▶ _WHAT THE TASK ASKS_
Would you please transcribe the data in full and exactly, excluding images?

··· EXERCISE DATA ···

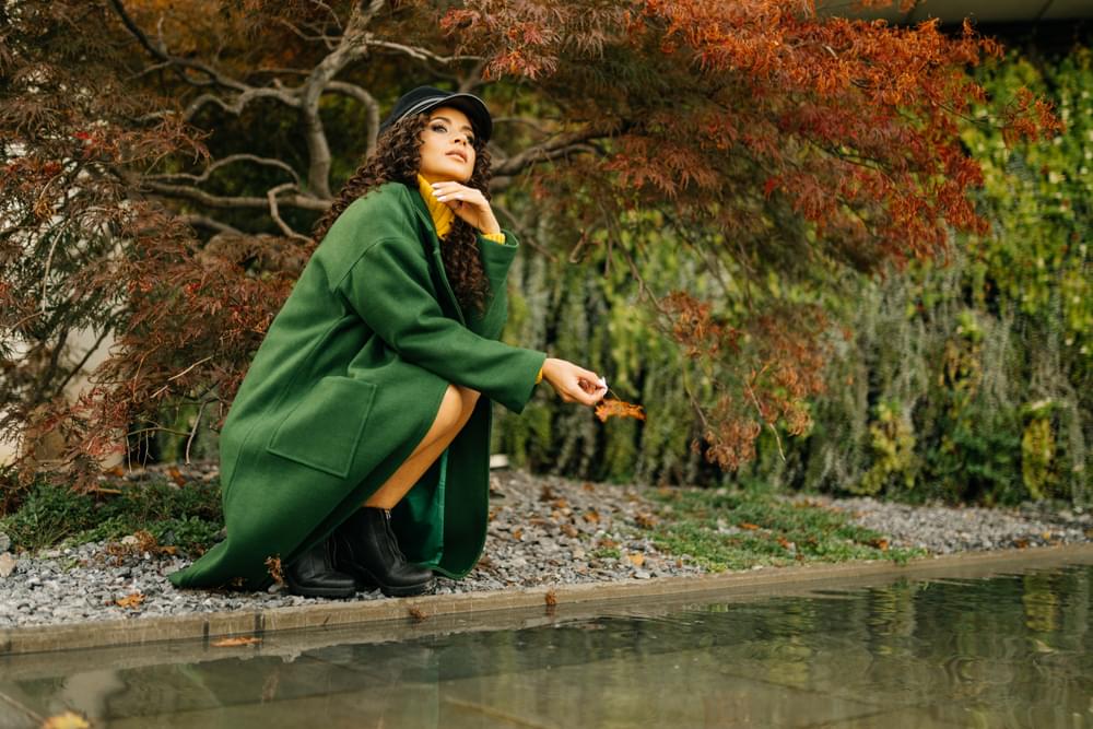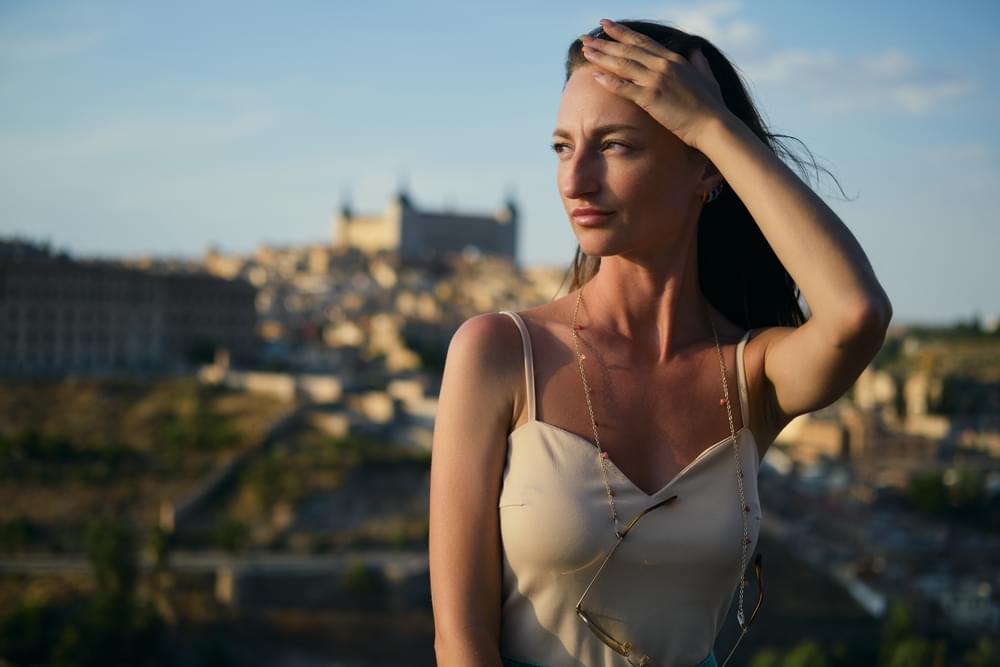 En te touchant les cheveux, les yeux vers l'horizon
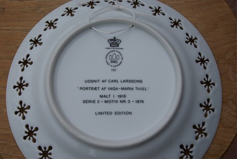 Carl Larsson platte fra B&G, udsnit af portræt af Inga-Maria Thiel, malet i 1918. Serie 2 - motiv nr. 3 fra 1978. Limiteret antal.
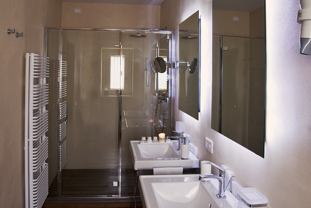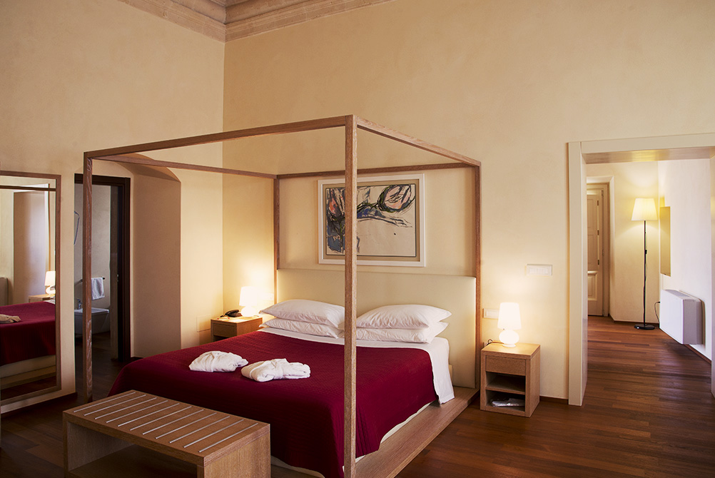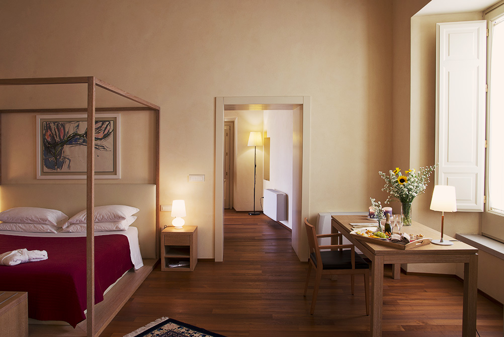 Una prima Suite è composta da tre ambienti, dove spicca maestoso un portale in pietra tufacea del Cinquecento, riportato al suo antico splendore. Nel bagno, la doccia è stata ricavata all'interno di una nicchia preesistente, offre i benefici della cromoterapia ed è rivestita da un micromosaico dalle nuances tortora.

···

▶ _RESULT OF THIS EXERCISE_
 En te touchant les cheveux, les yeux vers l'horizon
 Carl Larsson platte fra B&G, udsnit af portræt af Inga-Maria Thiel, malet i 1918. Serie 2 - motiv nr. 3 fra 1978. Limiteret antal.
 Una prima Suite è composta da tre ambienti, dove spicca maestoso un portale in pietra tufacea del Cinquecento, riportato al suo antico splendore. Nel bagno, la doccia è stata ricavata all'interno di una nicchia preesistente, offre i benefici della cromoterapia ed è rivestita da un micromosaico dalle nuances tortora.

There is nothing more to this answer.